4.5: Cofactors and Coenzymes

Enzymes require additional components for proper function. There are two such classes of molecules: cofactors and coenzymes. Cofactors are metallic ions and coenzymes are non-protein organic molecules. Both of these types of helper molecule can be tightly bound to the enzyme or bound only when the substrate binds.

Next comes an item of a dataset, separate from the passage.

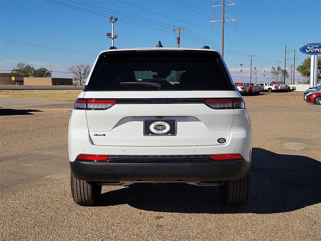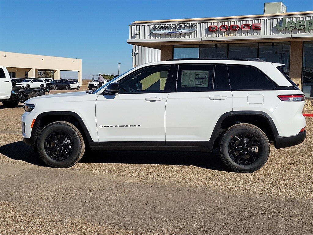 This 2025 Jeep Grand Cherokee Altitude X in Bright White Clearcoat comes with the following features: 3.6L V6 24V VVT 8-Speed Automatic 4WD 4WD Quick Order Package 23M Altitude X (115V Auxiliary Power Outlet, Altitude X, Black Headliner, Capri Leatherette/Suede Seats, Delete Laredo Badge, Gloss Black Exterior Accents, Heated Front Seats, Heated Steering Wheel, Power Liftgate, Power Sunroof, Rain Sensitive Windshield Wipers, Remote Start System, Selectable Tire Fill Alert, Wheels: 18" x 8" Fully Painted Aluminum 1, and Wireless Charging Pad), 4WD, 4-Wheel Disc Brakes, 6 Speakers, ABS brakes, Air Conditioning, Alloy wheels, AM/FM radio: SiriusXM, Anti-whiplash front head restraints, Automatic temperature control, Brake assist, Bumpers: body-color, Cloth Seats, Compass, Delay-off headlights, Driver door bin, Driver vanity mirror, Dual front impact airbags, Dual front side impact airbags, Electronic Stability Control, Emergency communication system, Four wheel independent suspension, Front anti-roll bar, Front Bucket Seats, Front Center Armrest w/Storage, Front dual zone A/C, Front License Plate Bracket, Front reading lights, Fully automatic headlights, Heated door mirrors, Illuminated entry, Knee airbag, Low tire pressure warning, Model Year Tracking, Normal Duty Suspension, Occupant sensing airbag, Outside temperature display, Overhead airbag, Overhead console, Panic alarm, ParkView Rear Back-Up Camera, Passenger door bin, Passenger vanity mirror, Power door mirrors, Power driver seat, Power steering, Power windows, Radio data system, Rear anti-roll bar, Rear reading lights, Rear window defroster, Rear window wiper, Remote keyless entry, Security system, Speed control, Speed-Sensitive Wipers, Split folding rear seat, Spoiler, Steering wheel mounted audio controls, Tachometer, Telescoping steering wheel, Tilt steering wheel, Traction control, Trip computer, Variably intermittent wipers, Voltmeter, and Wheels: 17" x 6.5" Fully Painted Aluminum.

Cofactors are present in ~30% of mature proteins. They are frequently incorporated into an enzyme as it is folded and are involved in the enzyme’s catalytic activity. Magnesium is an essential cofactor for over 300 enzymes in the human body, including DNA polymerase. In this case, the magnesium ion aids in the formation of the phosphodiester bond on the DNA backbone. Iron, copper, cobalt, and manganese are other common cofactors.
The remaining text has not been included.